Requirement: Any picture in the listing is left out of the copy; all else is duplicated exactly.

Provided data:
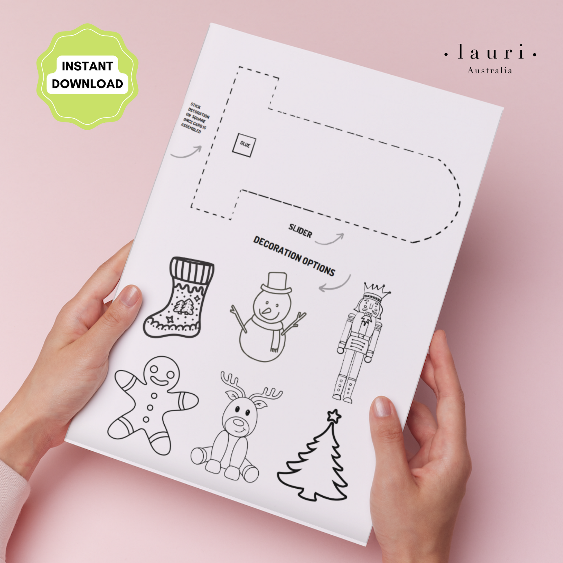 Print at home DIY Sliding Card Activity for Kids DIY Advent Calendar to fill your DIY Christmas Advent Calendar. Perfect to use with your Vegan Leather Countdown Calendar from Lauri Australia, which is available in Ivory and Taupe.
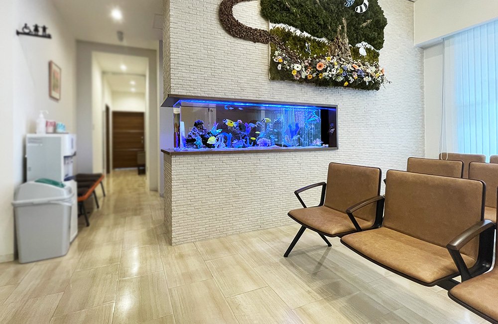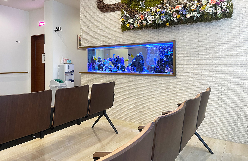 待合スペースに設置された横幅2.2mの大型水槽は、月2回の定期メンテナンスで管理しており、患者様に美しいアクアリウムを常に楽しんでいただいております。
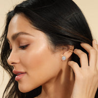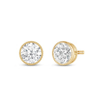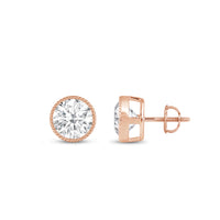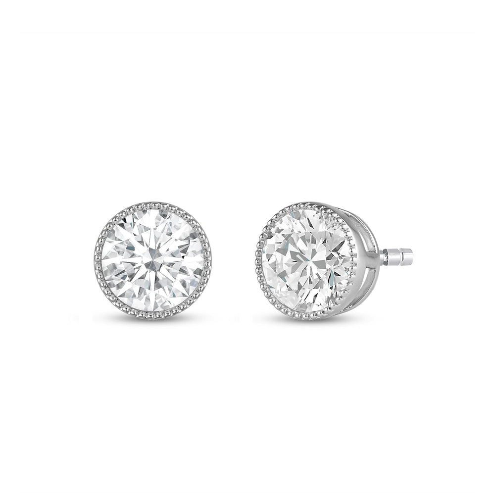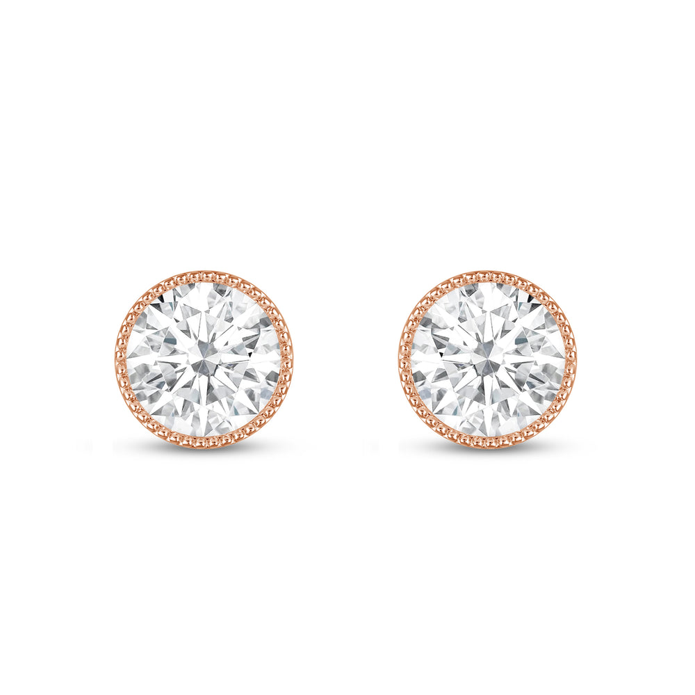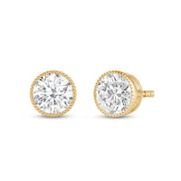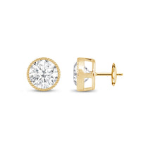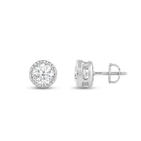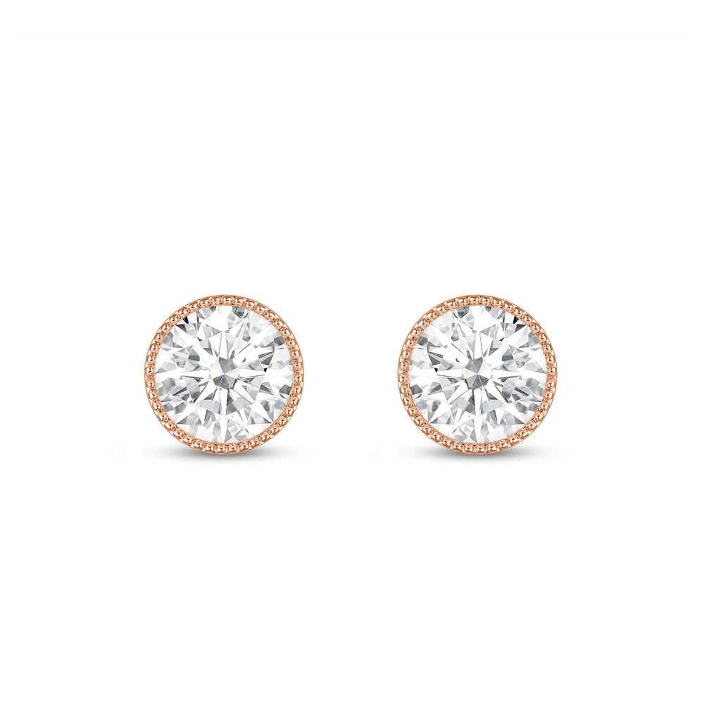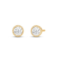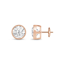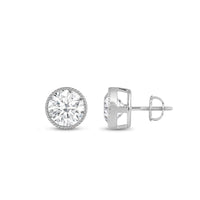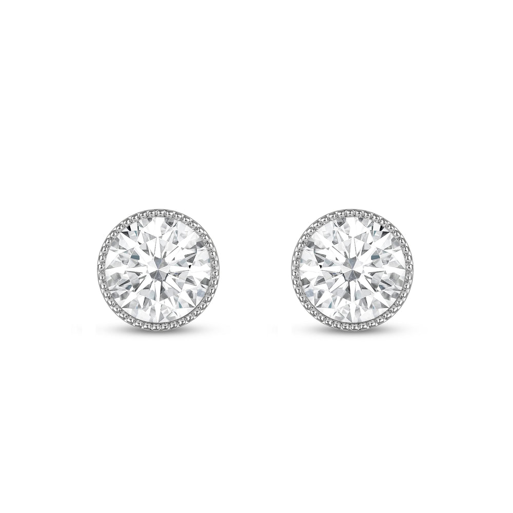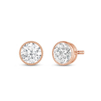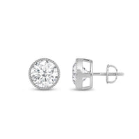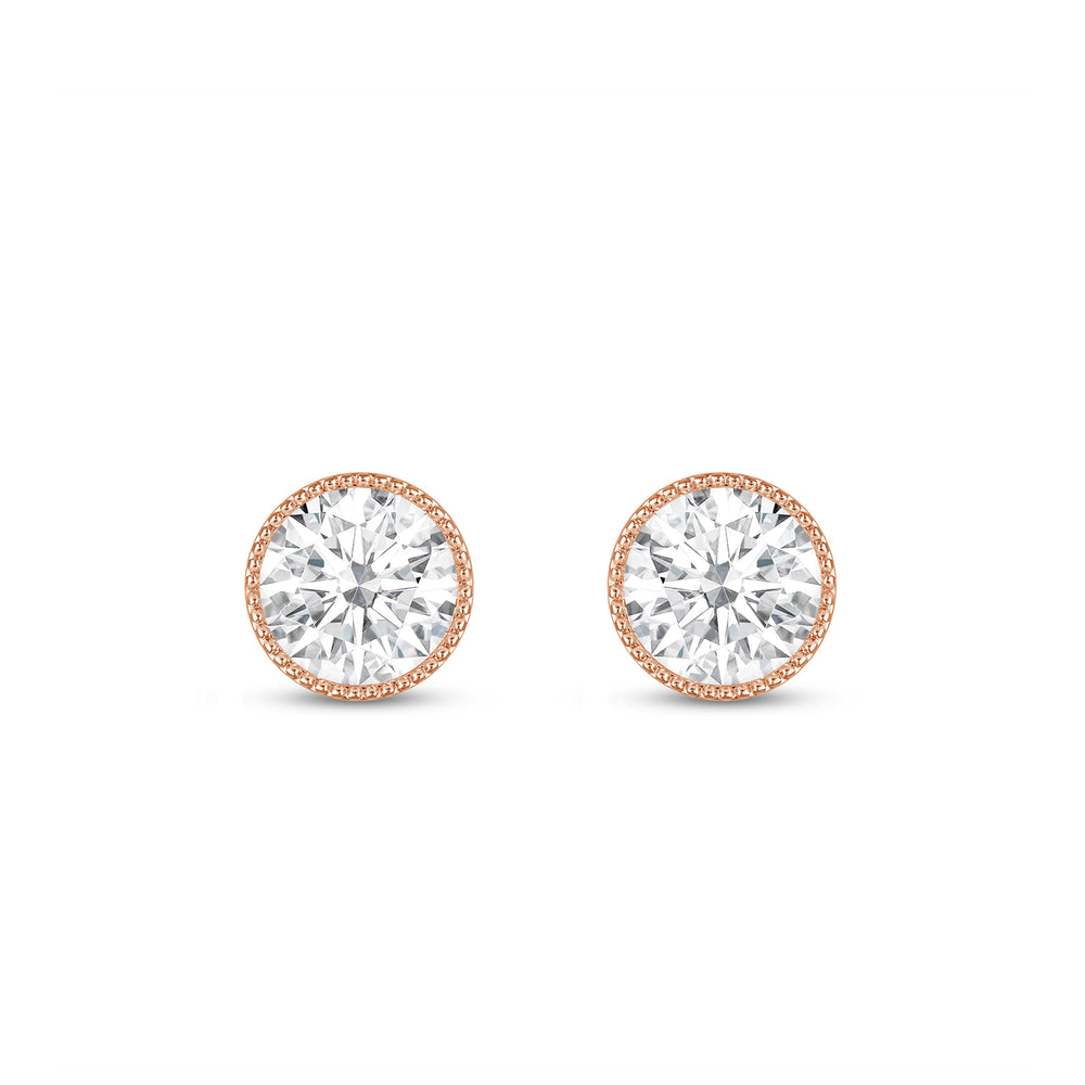 A round shaped milgrain halo perfectly surrounds a round stone for a vintage inspired look. This is a perfect pair of earrings for everyday with a unique vintage flair. These earrings are secured with a push backing.

Result:
 Print at home DIY Sliding Card Activity for Kids DIY Advent Calendar to fill your DIY Christmas Advent Calendar. Perfect to use with your Vegan Leather Countdown Calendar from Lauri Australia, which is available in Ivory and Taupe.
 待合スペースに設置された横幅2.2mの大型水槽は、月2回の定期メンテナンスで管理しており、患者様に美しいアクアリウムを常に楽しんでいただいております。
 A round shaped milgrain halo perfectly surrounds a round stone for a vintage inspired look. This is a perfect pair of earrings for everyday with a unique vintage flair. These earrings are secured with a push backing.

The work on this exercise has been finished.